By 1972 there was less call for sail-trained seamen, and the training school was scaled down. The Arethusa II became a floating boarding school for the next three years but needed much maintenance work and was sold in 1975 to the South Street Seaport museum in New York, which restored its original name Peking; it is now owned and berthed by the German Port Museum in Hamburg. A third, smaller 71 ft ketch was bought in 1971 and renamed Arethusa.

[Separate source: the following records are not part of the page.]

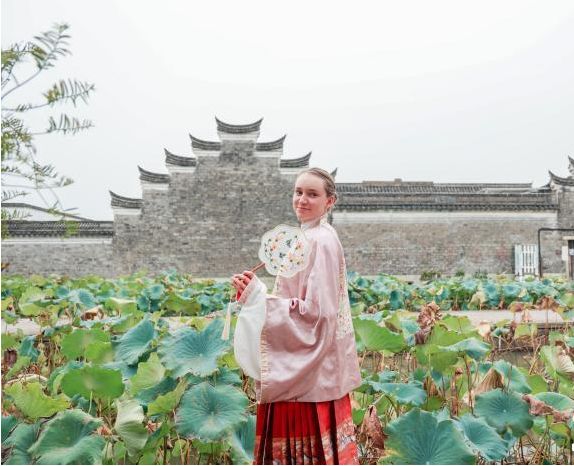 莱巴金娜身着中式服饰在荷塘前拍照留念。(图/中新网)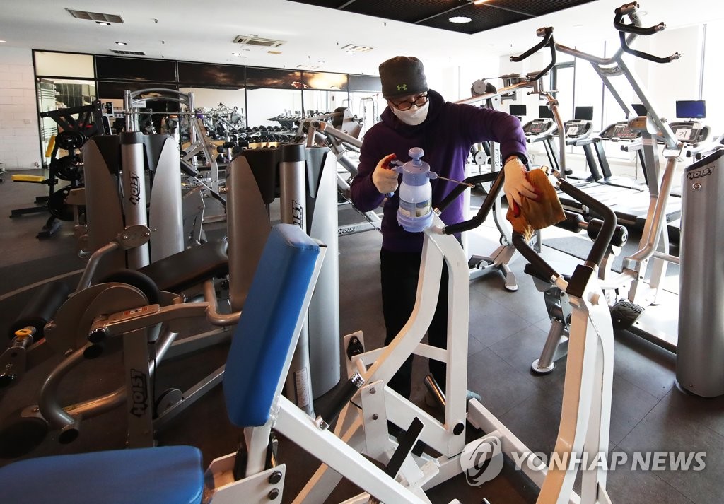 ▲ An employee at a gym in Yongin, south of Seoul, disinfects fitness equipment on Jan. 17, 2021, to prepare for opening as the government eases restrictions on indoor sports facilities. (Yonhap)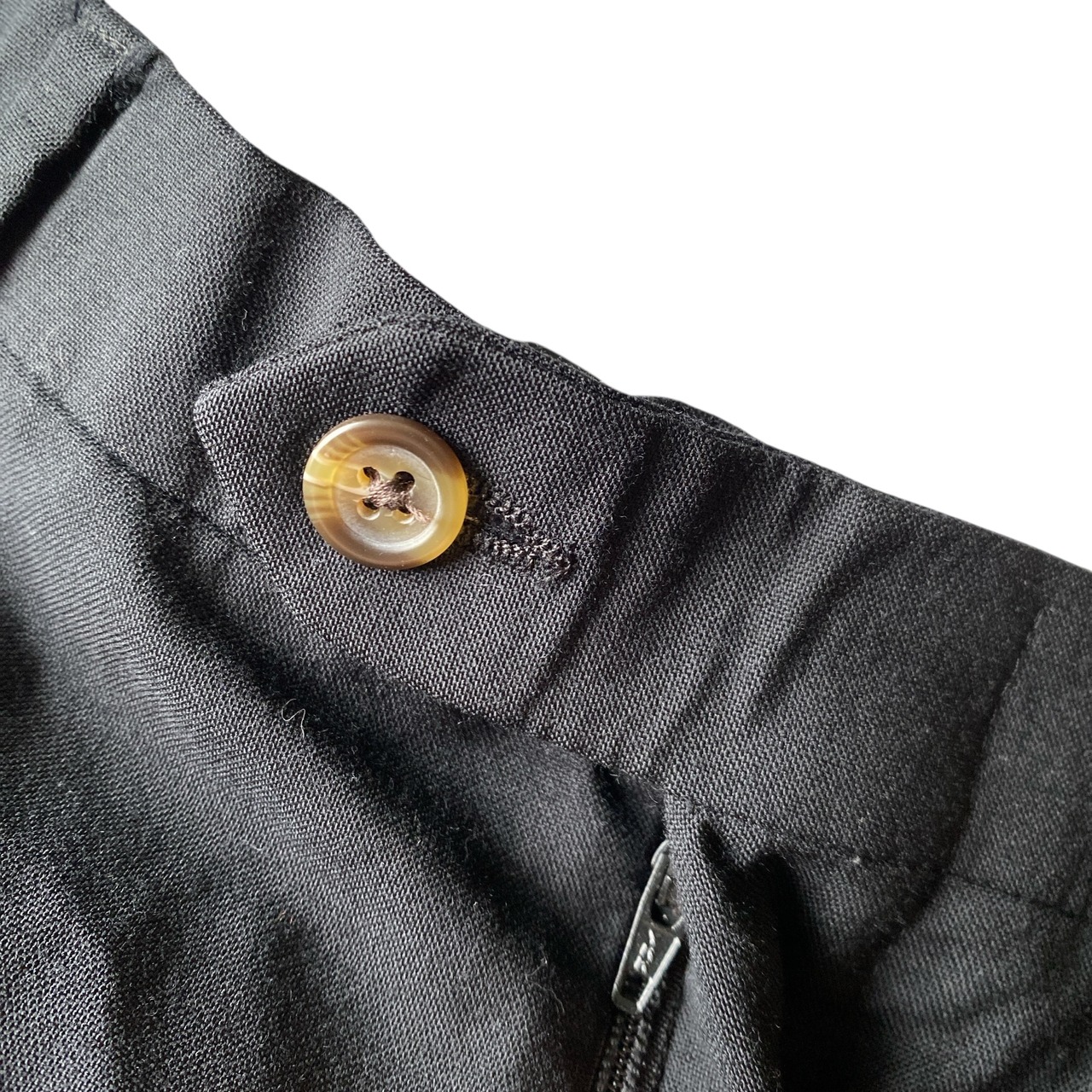 とろみのある平織りのサマーウール生地に、ブラックカラー、ドレープ感のあるワイド目で美しいシルエット、シンプルミニマルなデザインが非常に格好良い一着。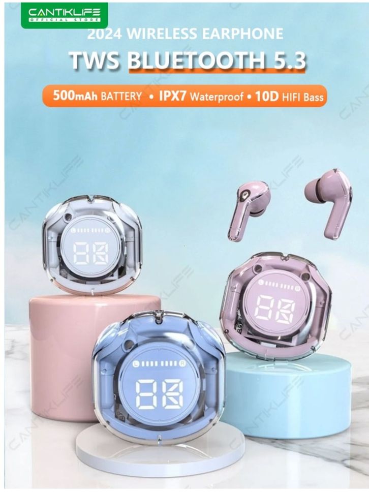 Headset Bluetooth Full Bass TWS HK16 Bluetooth Headset Intelligent Noise Cancelling Wireless Headset Transparent body Bl

It had a different role and was replaced by another vessel in 1982.

===Children's homes===
The focus of the society changed and it sought to provide refuges outside London for London children.
In 1868 the society purchased a farm in Bisley, Surrey. The first building, the Farm school was operational by 1871 and the second, Shaftesbury House, in 1873. The schools merged as a result of the 1918 Education Act. Surrey Education Committee took over the educational aspects in 1921, and the schools status changed from 'Elementary School' to 'Central School' in 1930. From 1944 until its closure in 1958 the school became a 'secondary school'.

A further boys home was opened at Fortescue House, Twickenham. A home for girls was opened at Sudbury Hall, Wembley. The society experienced financial pressures during both of the world wars. The Curtis Report and the Children Act 1948 changed the direction of child care: adoption became the preferred option followed by fostering and the large children's homes that the society had been running were deprecated. It was recommended that children's homes should have no more than 12 residents.

The larger homes were disposed of and the society moved to providing support for adolescents leaving care. Two adolescent hostels were opened Putney in 1975, and the long-standing premises in Esher House, East Molesley became a teenage mother and baby hostel. A support centre for parents having difficulty with their children was opened in Clapham.

In 2006, the charity renamed itself Shaftesbury Young People.